Na terceira estrofe, podemos observar certo matiz surreal: “Fechei as portas
sozinha./Custaram tanto a rodar!”. Até então, a carga simbólica dava-se por meio de
conceitos relacionados à vida, à dinâmica e ao movimento: “dedos”, “perfume”,
“sofrimento”, “segredo”, “sangue”, “pensamento”. No entanto, subitamente, um objeto
concreto e inanimado é focalizado. Esse enfoque repentino faz com que, a princípio,
esse objeto pareça inserido sem ser contextualizado. A esse respeito, elucida-nos Darcy
Damasceno em Cecília Meireles:
O mundo contemplado
:
Dos três atributos reconhecidos no objeto, distingue-se o imprevisto;
portanto, o que o poeta julga mais significativo, e sua importância se
percebe justamente pelo inesperado do emprego. (DAMASCENO,
1967, p.23).
Além disso, as “portas” não são manejadas através do movimento convencional
de abrir e fechar, elas rodam.

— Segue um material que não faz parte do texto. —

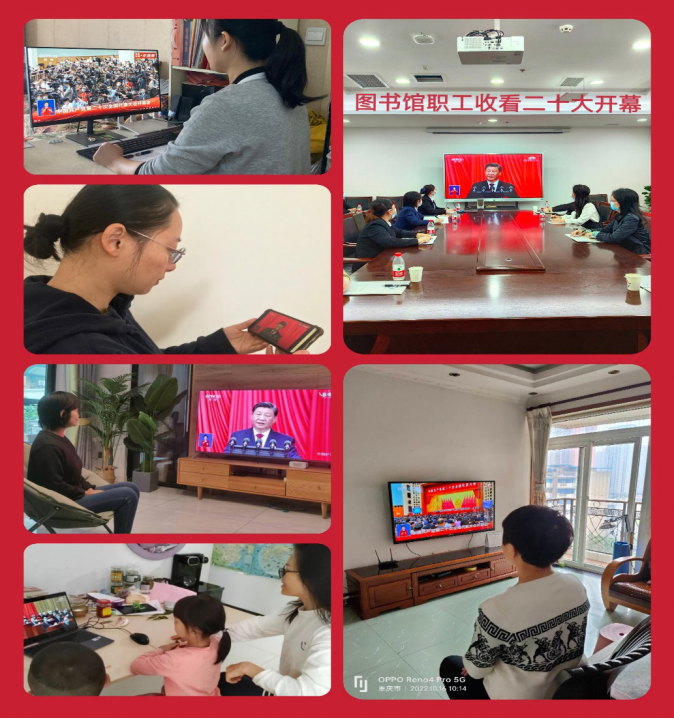 图书馆教职工以集中和分散相结合的方式收看党的二十大开幕会
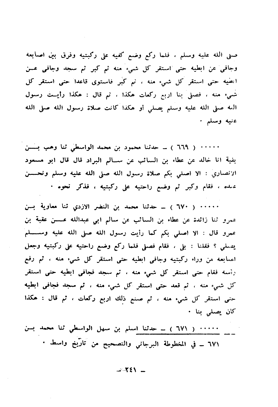 671 - حَدَّثَنَا أَسْلَمُ بْنُ سَهْلٍ الْوَاسِطِيُّ، ثَنَا مُحَمَّدُ بْنُ حَسَّانَ الْبُرْجُلَانِيُّ، ثَنَا مُحَمَّدُ بْنُ يَزِيدَ، عَنْ جَعْفَرِ بْنِ الْحَارِثِ، عَنْ عَطَاءِ بْنِ السَّائِبِ، عَنْ أَبِي عَبْدِ اللهِ، عَنْ عُقْبَةَ بْنِ عَمْرٍو، قَالَ: «§أُصَلِّي بِكُمْ صَلَاةَ رَسُولِ اللهِ صَلَّى اللهُ عَلَيْهِ وَسَلَّمَ؟» قُلْنَا: نَعَمْ، فَقَامَ فَكَبَّرَ، ثُمَّ رَكَعَ فَوَضَعَ رَاحَتَيْهِ عَلَى رُكْبَتَيْهِ وَجَعَلَ أَصَابِعَهُ أَسْفَلَ مِنْ رُكْبَتَيْهِ وَجَافَى إِبْطَيْهِ حَتَّى إِذَا اسْتَقَرَّ مِنْهُ كُلُّ شَيْءٍ مَكَانَهُ رَفَعَ، حَتَّى إِذَا اسْتَقَرَّ كُلُّ شَيْءٍ مِنْهُ سَجَدَ فَوَضَعَ كَفَّيْهِ عَلَى الْأَرْضِ، وَجَافَى بَيْنَ إِبْطَيْهِ وَرَفَعَ رَأْسَهُ، حَتَّى إِذَا اسْتَقَرَّ كُلُّ شَيْءٍ مِنْهُ عَادَ فَصَنَعَ مِثْلَ ذَلِكَ أَرْبَعَ رَكَعَاتٍ، ثُمَّ قَالَ: «هَكَذَا رَأَيْتُ رَسُولَ اللهِ صَلَّى اللهُ عَلَيْهِ وَسَلَّمَ يُصَلِّي بِنَا»
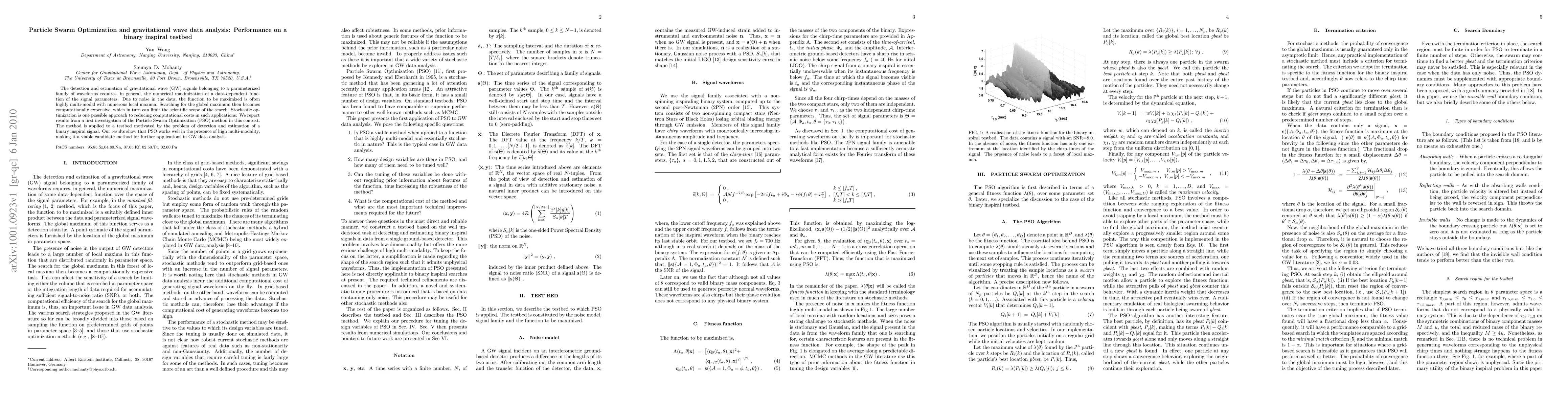 This paper investigates the application of Particle Swarm Optimization (PSO) to the computationally challenging task of detecting and estimating gravitational wave signals in noisy data. The results indicate that PSO effectively handles the multi-modal nature of the optimization problem, suggesting its potential for future gravitational wave data analysis.
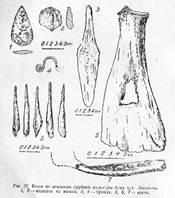 Из предметов вооружения чаще всего попадаются наконечники стрел. Их обычно делали из кремня, реже — из кости. Но в самом конце бронзового века уже появляются, хотя и в очень небольшом количестве, массивные втульчатые наконечники стрел из бронзы. Втульчатые наконечники копий, сделанные из бронзы, и бронзовые кинжалы встречаются редко.
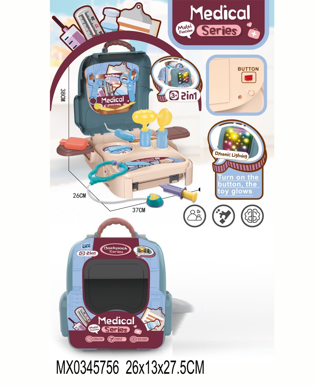 Doktorský set v praktickém balení, lehce sbalíš a dáš na záda jako batůžek. Set obsahuje spoustu doktorského příslušenství: pipeta, nůžky, brýle, tabletku, teploměr, stetoskop, otoskop a další příslušenství. Podporuje koordinovaný vývoj těla a mozku, pomáhá dítěti naučit se koordinovat oči, ruce... przeczytaj całość
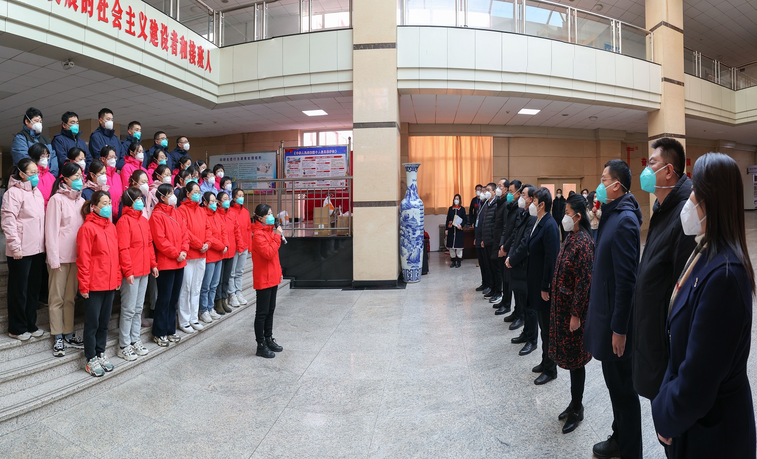 疫情就是命令,防控就是責任。11月29日,大同市第五人民醫院(山西大同大學附屬第一醫院)核酸檢測醫療隊在圓滿完成支援我校疫情防控工作后,即將離校返回工作崗位。臨行前,學校為援校醫療隊舉行了返程歡送儀式。校黨委書記趙水民,校黨委副書記、校長姚麗英以及其他在校校領導出席儀式。校黨委副書記寇福明主持儀式。
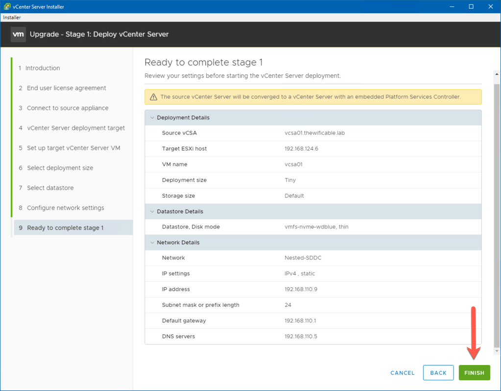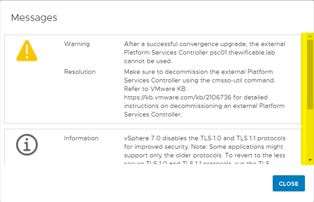 That is all there is to it for upgrading vCenter Server 6.5 topology with external PSC’s to vCenter Server 7.0 converged appliances with embedded PSC’s. Just remember to follow the directions in the documentation, run your backups, test the process in a test environment if possible and don’t skip any steps.
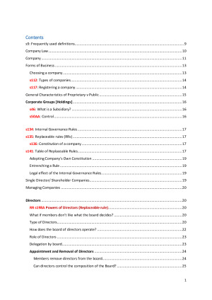 CORPORATE LAW BLAW20001 CHEAT SHEET Final Exam Contents: 1. Company Law - Proprietary companies and public companies - Registering a company - Internal governance rules 2. Decision Making Within Companies - Controlling the board - Directors and members 3. Member's Meetings and Procedures - Requirements for a meeting - Notice - Conduct - Voting 4. Transacting By Companies - Contracts - Types of contracts - Types of transactions - Authority - Common law rules - Statutory assumptions 5. Director's and other Officer's Duties - Summary of duties 6. Duty of Care 7. Duty to Prevent Insolvent Trading 8. Duty to Act in Good faith 9. Dividends 10. Duty to Avoid Conflict of Interest 11. Related Party Transactions - Elements - Consequences 12. Share Capital Maintenance - Rules - Dividends - Self-acquisition - Permitted buy-backs - Reduction of capital 13. Members' Remedies and Enforcement - Remedies - Tests - Court orders - Statutory injunction - Member derivate action - Enforcement - Penalties and offences
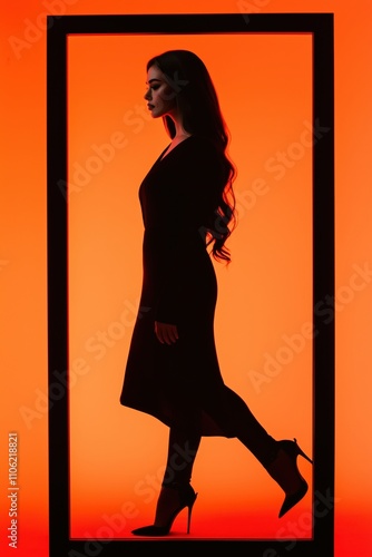 Fototapeta premium Silhouette of a woman walking against a vivid orange background

O ato de rodar, por demandar um prazo maior de tempo
para que se realize a ação, demonstra o sacrifício e o esforço por parte de um eu lírico
completamente solitário: “Custaram tanto a rodar!”. Por sua vez, o emprego do
pronome “ninguém” realça o sentimento de solidão e também o apelo investido em vão:
“Se chamasse, ninguém vinha.”. O verbo empregado no pretérito (“Fechei as portas
sozinha”) pode conotar também uma dificultosa tentativa de desvencilhar-se do
passado. Justamente, a estrofe seguinte (de um único verso) sugere que as experiências
do passado cedem lugar à tentativa de novas vivências: “Que caminho estranho!”. Já
mencionamos que essas curtas estrofes vêm demarcadas pela interrogação e pela
exclamação, sugerindo um tom questionador ou perplexo. Não deixamos de observar
que essa indagação e espanto são associados ao tempo presente, isto é, ao domínio do
concreto. Como se esse espaço temporal fosse estranho ao eu lírico que parece possuir
maior familiaridade com o passado (e também com o futuro). Sabemos que tanto no
passado quanto no futuro a intensidade da linearidade cronológica é enfraquecida.
Quando o passado é referido, prevalece a memória e quando o futuro é sugerido,
prevalecem a hipótese e a incerteza. Logo, justifica-se essa identificação do eu lírico
com o passado e o futuro em detrimento do presente, pois, é neles que reside a
atemporalidade, isto é, a possibilidade de transgredir as imposições do cronológico.